Loestrin contains ethinyl estrodiol 10-30 mcg per pill depending on the type. 15 mcg of ethinyl estradiol is roughly equivalent to 1.5 mg of oral micronized estradiol in a young woman (as liver ages this equivalency changes). As an aside the average dose of oral estradiol for post menopausal women is 0.5-2 mg, This is a synthetic estrogen. it more potent (about 100 x more potent than natural estrogen), thus allowing a lower dose. They were manufactured for better absorption and stability, and are broken down less easily by the liver. This leads to differences in metabolism, receptor binding, and side effects. They have increased bioavailability which means more drug ends up in the bloodstream. Because they are broken down in the liver, as one ages and the liver’s ability to ‘detoxify’ or break down molecules decreases, the amount of synthetic estrodiol in the body increases.

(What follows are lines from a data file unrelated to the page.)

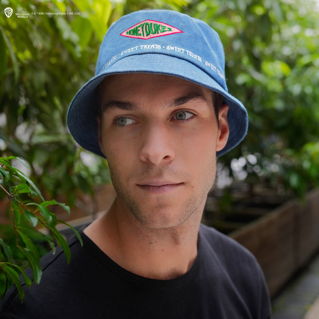 This Honeydukes inspired bucket hat, is a must-have for any Harry Potter fans who wish to bring a little magic to their outfits. The design gives a spotlight to the iconic Honeydukes logo and "Sweet Treats" have been delicately embroidered on the denim hat.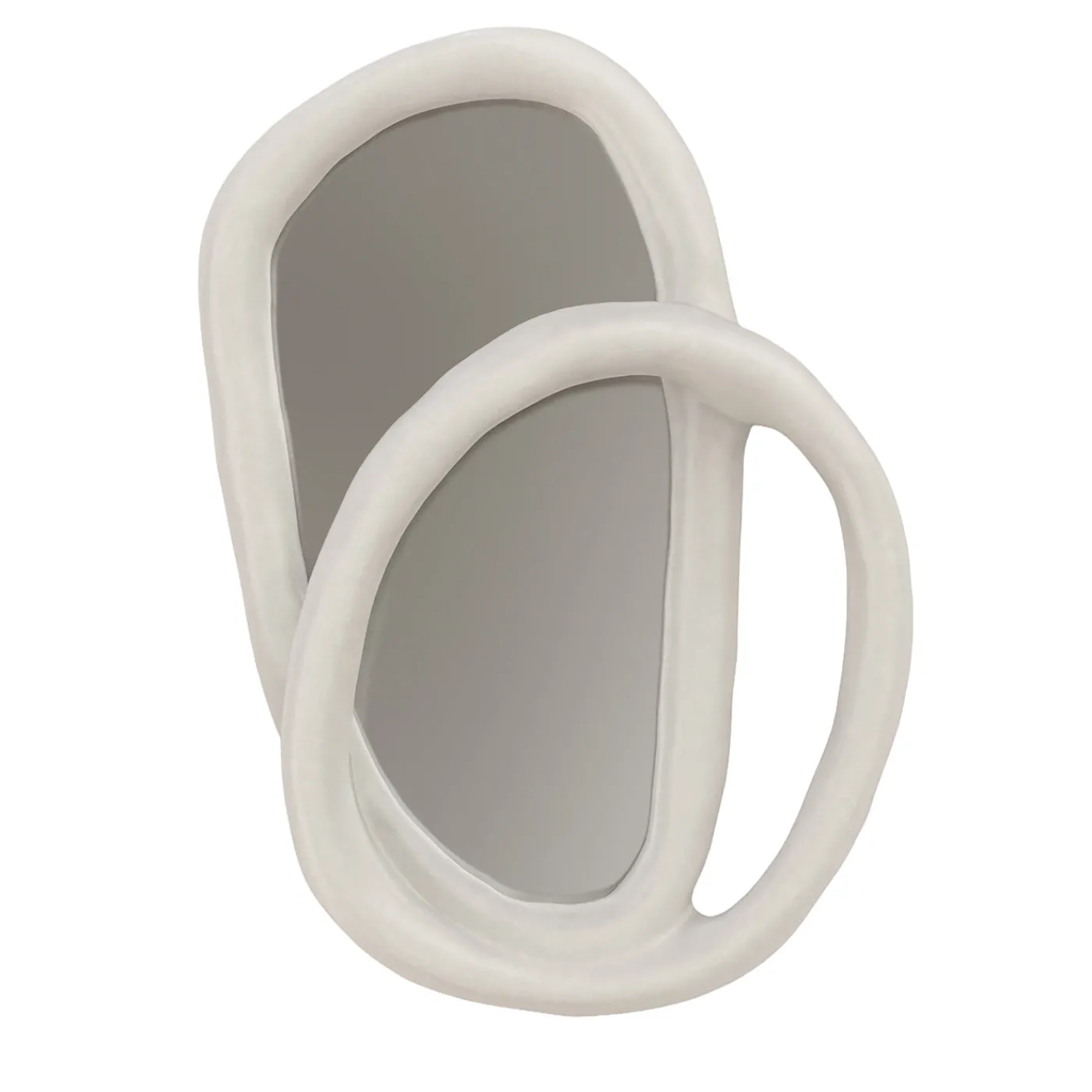 Specchio da parete di grandi dimensioni con cornice tridimensionale dal forte impatto scultoreo. Il design presenta un anello avvolgente che si sovrappone a sé stesso, estendendosi dal muro per un effetto dinamico e raffinato. La cornice, realizzata a mano con più strati di stucco, offre una superficie irregolare e materica, conferendo al prodotto un’estetica esclusiva e tattile.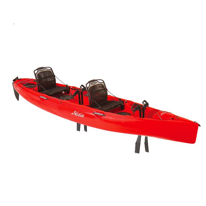 The Oasis is stretched-out and spacious, the more performance-oriented of Hobie’s pair of tandems powered by the elegant, easy-to-use MirageDrive. So speedy yet boasting a robust carrying capacity suitable for a weekend camping trip or fishing with enough gear to stock a tackle shop—there are four convenient hatches and a generous on-deck storage area, as well as molded-in rod holders. The Oasis gets the job done in style and comfort.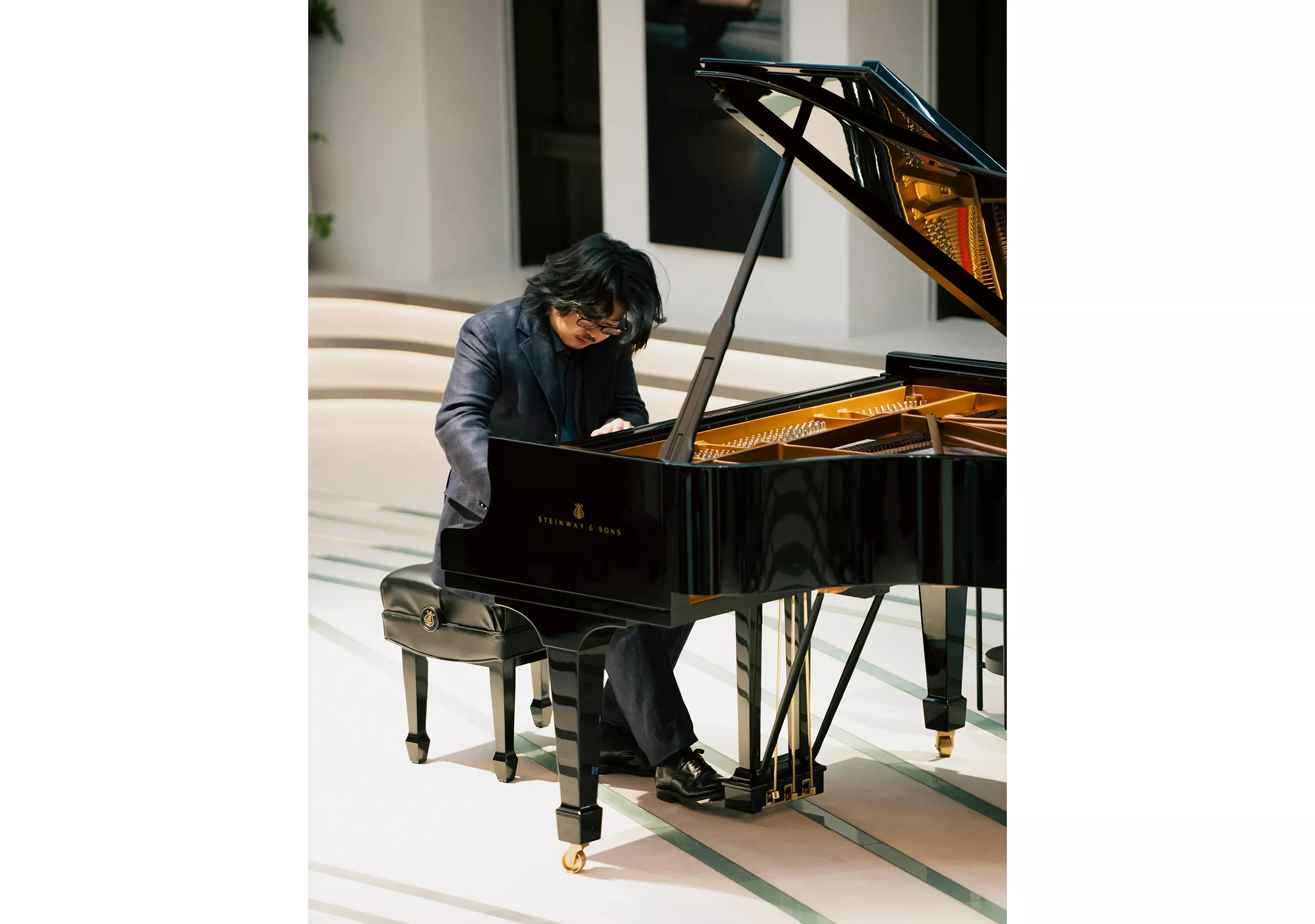 初手を飾るのは、ムソルグスキーの『展覧会の絵』。BMWの最新モデルが展示される『FREUDE by BMW』でのコンサート、ということから“展覧会”を着想し選んだというこの曲は、組曲全体で35分ほどあるものを15分ほどに凝縮したスペシャル・バージョンで披露されます。反田氏がピアノの前へと座り、厳かに演奏が始まりました。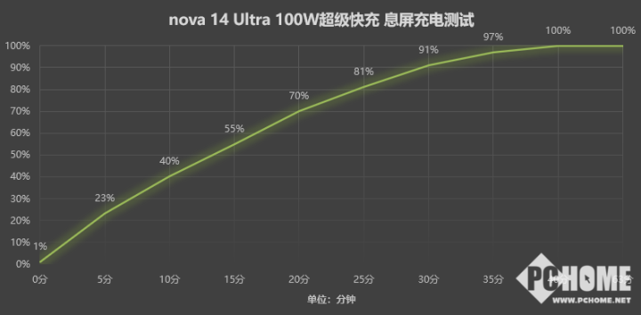 充电方面,nova 14 Ultra支持100W华为超级快充Turbo,而且标配了更加迷你便携的华为冰糖全能充电器(Max 100W)。经过实测,nova 14 Ultra 30分钟便将手机从1%充至91%、充满仅用了40分钟,完全充满用了63分钟。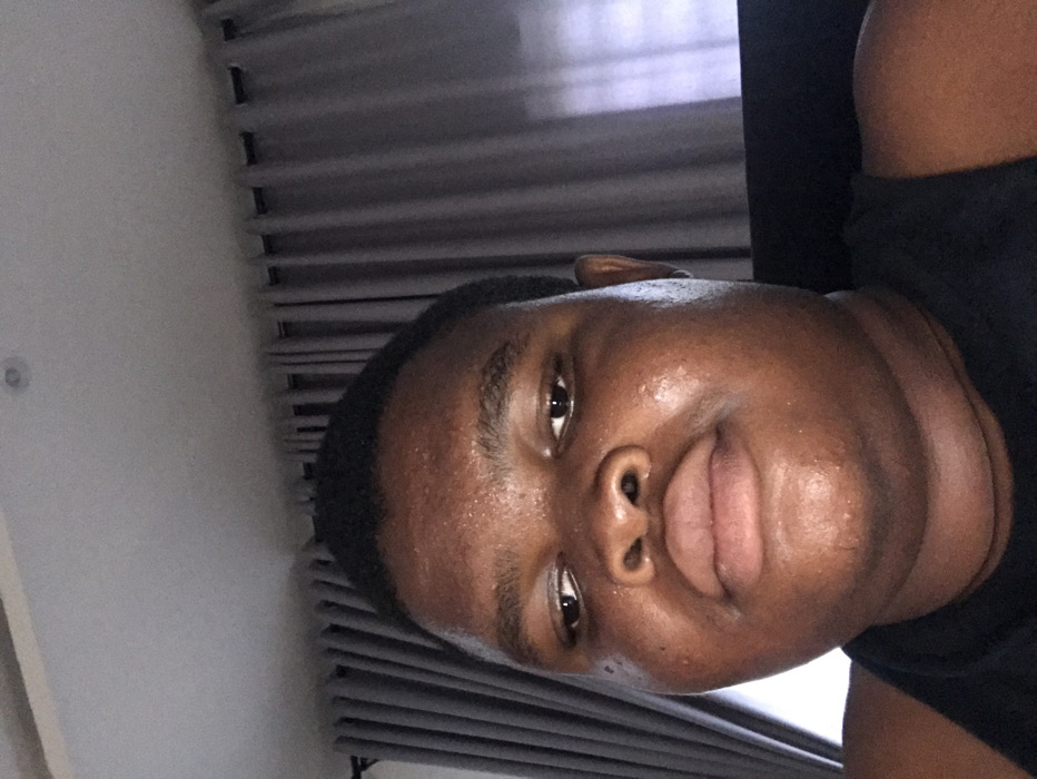 A man's face fills the frame, appearing slightly damp or sweaty. He has dark skin, short black hair, and is wearing a black shirt. His lips are full and slightly parted, suggesting a relaxed expression. The background consists of a light-colored wall and grey horizontal blinds. The camera angle is slightly tilted.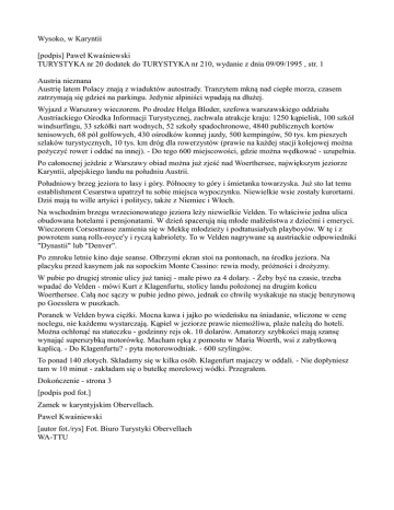 Wysoko, w Karyntii [podpis] Paweł Kwaśniewski TURYSTYKA nr 20 dodatek do TURYSTYKA nr 210, wydanie z dnia 09/09/1995 , str. 1 Austria nieznana Austrię latem Polacy znają z wiaduktów autostrady. Tranzytem mkną nad ciepłe morza, czasem zatrzymają się gdzieś na parkingu. Jedynie alpiniści wpadają na dłużej. Wyjazd z Warszawy wieczorem. Po drodze Helga Bloder, szefowa warszawskiego oddziału Austriackiego Ośrodka Informacji Turystycznej, zachwala atrakcje kraju: 1250 kąpielisk, 100 szkół windsurfingu, 33 szkółki nart wodnych, 52 szkoły spadochronowe, 4840 publicznych kortów tenisowych, 68 pól golfowych, 430 ośrodków konnej jazdy, 500 kempingów, 50 tys. km pieszych szlaków turystycznych, 10 tys. km dróg dla rowerzystów (prawie na każdej stacji kolejowej można pożyczyć rower i oddać na innej). - Do tego 600 miejscowości, gdzie można wędkować - uzupełnia. Po całonocnej jeździe z Warszawy obiad można już zjeść nad Woerthersee, największym jeziorze Karyntii, alpejskiego landu na południu Austrii. Południowy brzeg jeziora to lasy i góry. Północny to góry i śmietanka towarzyska. Już sto lat temu establishment Cesarstwa upatrzył tu sobie miejsca wypoczynku. Niewielkie wsie zostały kurortami. Dziś mają tu wille artyści i politycy, także z Niemiec i Włoch. Na wschodnim brzegu wrzecionowatego jeziora leży niewielkie Velden. To właściwie jedna ulica obudowana hotelami i pensjonatami. W dzień spacerują nią młode małżeństwa z dziećmi i emeryci. Wieczorem Corsostrasse zamienia się w Mekkę młodzieży i podtatusiałych playboyów. W tę i z powrotem suną rolls-royce'y i ryczą kabriolety. To w Velden nagrywane są austriackie odpowiedniki "Dynastii" lub "Denver". Po zmroku letnie kino daje seanse. Olbrzymi ekran stoi na pontonach, na środku jeziora. Na placyku przed kasynem jak na sopockim Monte Cassino: rewia mody, próżności i drożyzny. W pubie po drugiej stronie ulicy już taniej - małe piwo za 4 dolary. - Żeby być na czasie, trzeba wpadać do Velden - mówi Kurt z Klagenfurtu, stolicy landu położonej na drugim końcu Woerthersee. Całą noc sączy w pubie jedno piwo, jednak co chwilę wyskakuje na stację benzynową po Goesslera w puszkach. Poranek w Velden bywa ciężki. Mocna kawa i jajko po wiedeńsku na śniadanie, wliczone w cenę noclegu, nie każdemu wystarczają. Kąpiel w jeziorze prawie niemożliwa, plaże należą do hoteli. Można ochłonąć na stateczku - godzinny rejs ok. 10 dolarów. Amatorzy szybkości mają szansę wynająć superszybką motorówkę. Macham ręką z pomostu w Maria Woerth, wsi z zabytkową kaplicą. - Do Klagenfurtu? - pyta motorowodniak. - 600 szylingów. To ponad 140 złotych. Składamy się w kilka osób. Klagenfurt majaczy w oddali. - Nie dopłyniesz tam w 10 minut - zakładam się o butelkę morelowej wódki. Przegrałem. Dokończenie - strona 3 [podpis pod fot.] Zamek w karyntyjskim Obervellach. Paweł Kwaśniewski [autor fot./rys] Fot. Biuro Turystyki Obervellach WA-TTU

Also, synthetic estrogens elevate hepatic (liver) protein synthesis more, leading to more blood clot, stroke and cholesterol risk, especially when taken orally. Btw, The lowest risk for clots, stroke (thrombotic) risk is with transdermal (skin patch) natural estrogen. Transdermal natural estradiol can be given at doses of 25- 100 mcg per day because it bypasses the first pass effect (the metabolism and inactivation of orally administered drugs, food too, in the GI tract, mostly liver, before they reach the general blood circulation, reducing bioavailability- meaning only a fraction of pill becomes active in the bloodstream) with direct bloodstream delivery. I probably could write this more succinctly. If questions, I am happy to try to better explain.

Synthetic estrogen was also has increased receptor activation which also makes them stronger than natural estrogen. They bind up to 2x better (affinity) than natural estradiol.